Culturing and Proliferation of Human Cell Lines

HDFs (PromoCell GmbH, Heidelberg, Germany) and HeLa cells (ATCC, Manassas, VA, USA) were cultured in Dulbecco’s modified Eagle medium (DMEM) supplemented with 10% fetal bovine serum (FBS, Gibco, Grand Island, NY, USA) and 0.1% antibiotics (Gibco) at 37℃ in a 5% CO₂ incubator (APM-30D; ASTEC, Fukuoka, Japan) [33 (link)]. Oxygen levels of 21%, as the normoxic condition, and 1%, as the hypoxic condition, were used for culturing HDFs from passage 4 to passage 6 [33 (link)]. When the cell confluency of all cells reached 90%, the cells were passaged using 0.25% Trypsin-EDTA (Gibco).

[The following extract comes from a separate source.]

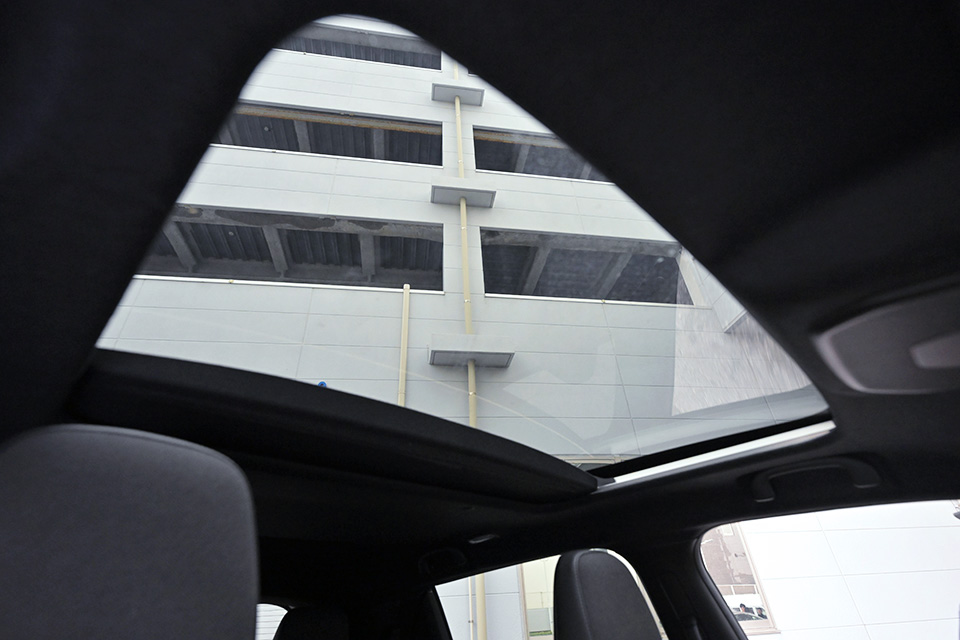 ガラスルーフはサンシェードとIRカットガラスを採用し、明るさと快適性を両立。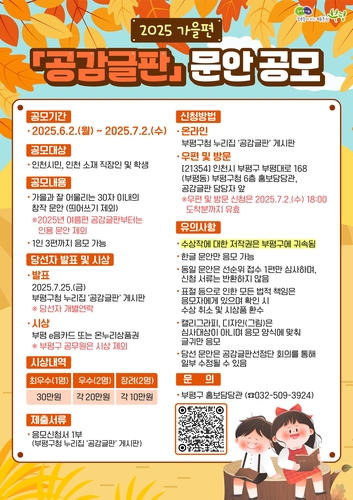 부평구(구청장 차준택)가 오는 2일부터 다음달 2일까지 한 달간 '2025년 가을편 공감글판' 문안을 공모한다.

For the proliferation assay, 2 × 10⁵ HDFs at passage 6 were cultured in a 100-mm culture plate for 5 days, and cell numbers were measured using trypan blue 0.5% solution staining (Biowest, Riverside, MO, USA). Other cervical cancer cells (CaSki, ME-180, and SiHa cells), melanoma cells (A375SM), breast cancer cells (MCF-7), and lung cancer cells (NCI-H358) were purchased from the Korea Cell Line Bank (Seoul, Korea). CaSki, ME-180, A375SM, MCF-7, and NCI-H358 were cultured in RPMI1640 (Gibco) supplemented with 10% FBS (Gibco), 1% L-glutamine (Gibco), 25 mM HEPES (Gibco), 25 mM NaHCO₃ (Gibco), and 0.1% antibiotics (Gibco). SiHa cells were cultured in DMEM supplemented with 10% FBS (Gibco) and 0.1% antibiotics (Gibco).